Raw data:
^^^^
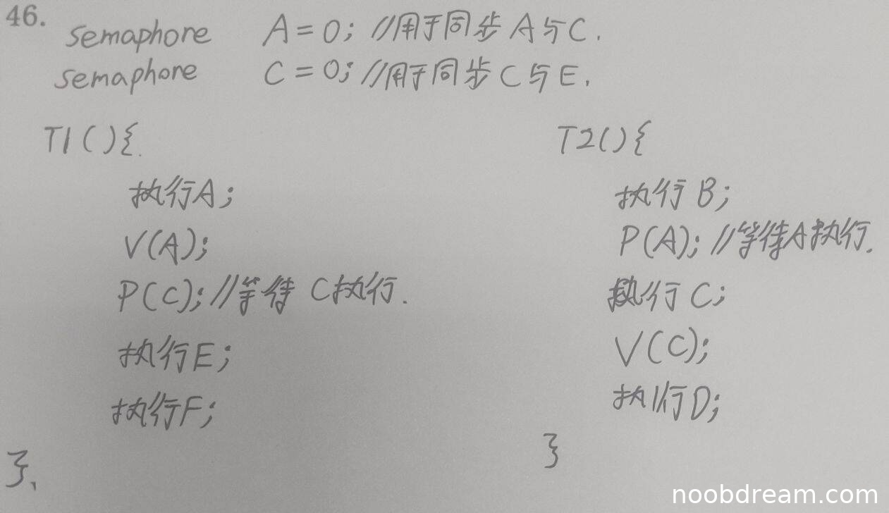 (3)线程T2的同步操作(满分3分)
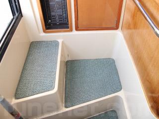 ◆この艇はフライングブリッジへのアクセスが「はしご」ではなく「階段」になっているのも特徴です。乗降が楽だと感じられると思います。
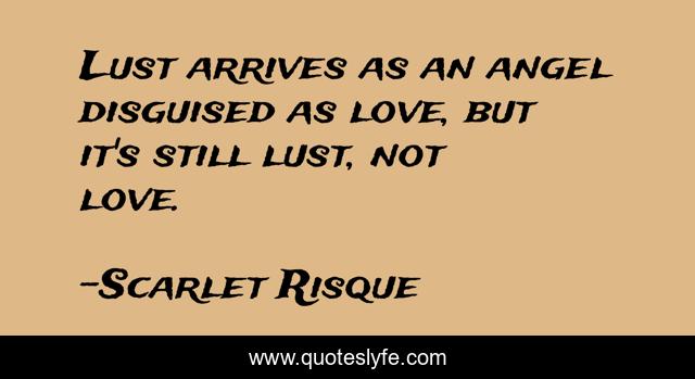 This page presents the quote "Lust arrives as an angel disguised as love, but it's still lust, not love.". Author of this quote is Scarlet Risque. This quote is about lust, lustofinsanity, love, philisophy, affection,.
^^^^
Each line of the listing must be restated word for word, and the pictures left out.

Output of the task:
 (3)线程T2的同步操作(满分3分)
 ◆この艇はフライングブリッジへのアクセスが「はしご」ではなく「階段」になっているのも特徴です。乗降が楽だと感じられると思います。
 This page presents the quote "Lust arrives as an angel disguised as love, but it's still lust, not love.". Author of this quote is Scarlet Risque. This quote is about lust, lustofinsanity, love, philisophy, affection,.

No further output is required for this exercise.